**The task:** Write out word for word the lines from the one holding "最后社团成员会根据大家的答题" through the end of the data, and only those lines. Pictures stay out.

BEGIN Data block

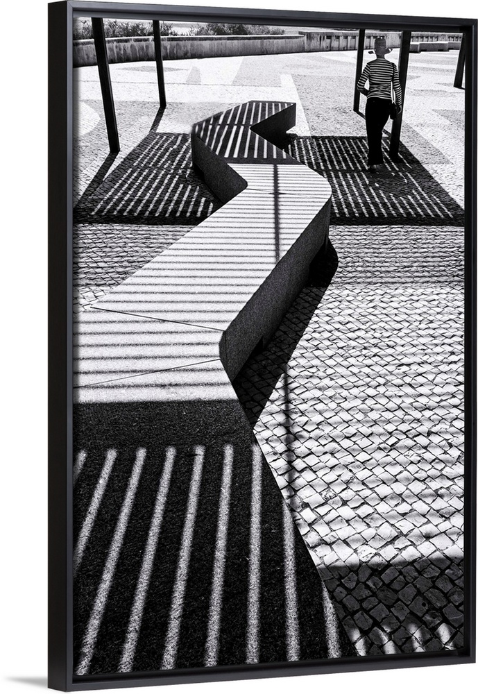 <p>A person wearing a striped shirt mimics the stripes of the shadows on the ground around them.</p>
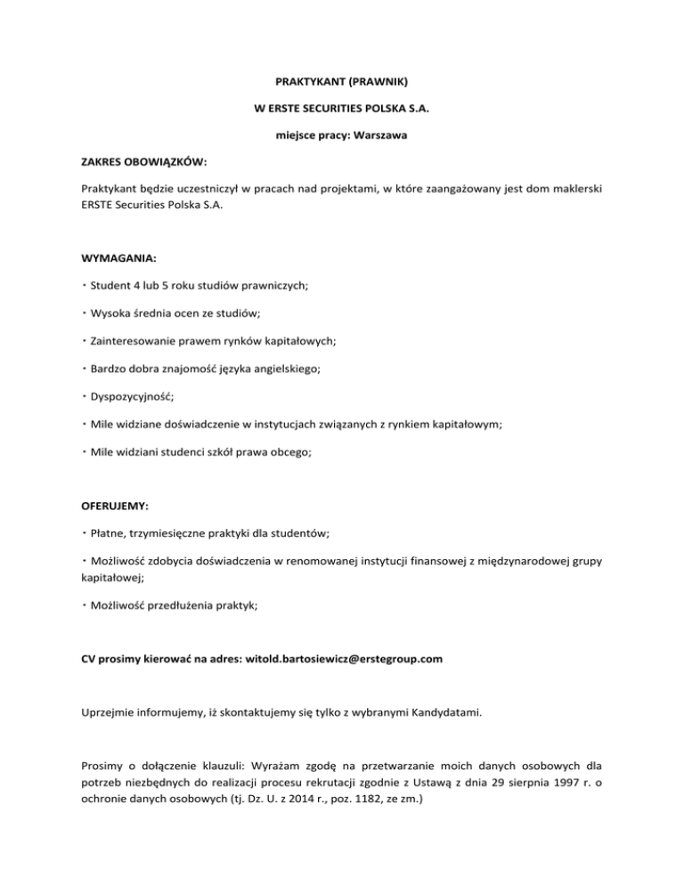 PRAKTYKANT (PRAWNIK) W ERSTE SECURITIES POLSKA S.A. miejsce pracy: Warszawa ZAKRES OBOWIĄZKÓW: Praktykant będzie uczestniczył w pracach nad projektami, w które zaangażowany jest dom maklerski ERSTE Securities Polska S.A. WYMAGANIA: ▪ Student 4 lub 5 roku studiów prawniczych; ▪ Wysoka średnia ocen ze studiów; ▪ Zainteresowanie prawem rynków kapitałowych; ▪ Bardzo dobra znajomość języka angielskiego; ▪ Dyspozycyjność; ▪ Mile widziane doświadczenie w instytucjach związanych z rynkiem kapitałowym; ▪ Mile widziani studenci szkół prawa obcego; OFERUJEMY: ▪ Płatne, trzymiesięczne praktyki dla studentów; ▪ Możliwość zdobycia doświadczenia w renomowanej instytucji finansowej z międzynarodowej grupy kapitałowej; ▪ Możliwość przedłużenia praktyk; CV prosimy kierować na adres: [email protected] Uprzejmie informujemy, iż skontaktujemy się tylko z wybranymi Kandydatami. Prosimy o dołączenie klauzuli: Wyrażam zgodę na przetwarzanie moich danych osobowych dla potrzeb niezbędnych do realizacji procesu rekrutacji zgodnie z Ustawą z dnia 29 sierpnia 1997 r. o ochronie danych osobowych (tj. Dz. U. z 2014 r., poz. 1182, ze zm.)
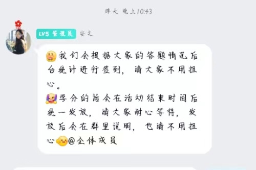 最后社团成员会根据大家的答题情况在后台统计进行签到,并且在后台统计后进行统一发放二课学分此次打卡活动,同学们积极参加,认真学习乐理知识,不仅在群里接受社团成员的乐理知识传授,也积极在群里和社团成员一起探讨音乐的奥秘。
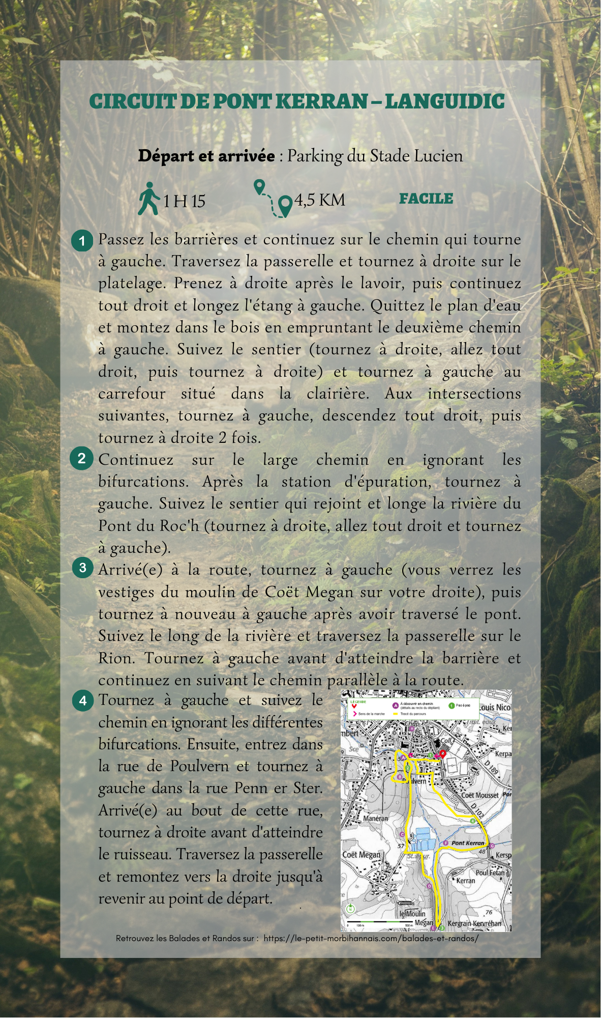 - Continuez sur le large chemin en ignorant les bifurcations. Après la station d’épuration, tournez à gauche. Suivez le sentier qui rejoint et longe la rivière du Pont du Roc’h (tournez à droite, allez tout droit et tournez à gauche).

END Data block

**Task result:**
 最后社团成员会根据大家的答题情况在后台统计进行签到,并且在后台统计后进行统一发放二课学分此次打卡活动,同学们积极参加,认真学习乐理知识,不仅在群里接受社团成员的乐理知识传授,也积极在群里和社团成员一起探讨音乐的奥秘。
 - Continuez sur le large chemin en ignorant les bifurcations. Après la station d’épuration, tournez à gauche. Suivez le sentier qui rejoint et longe la rivière du Pont du Roc’h (tournez à droite, allez tout droit et tournez à gauche).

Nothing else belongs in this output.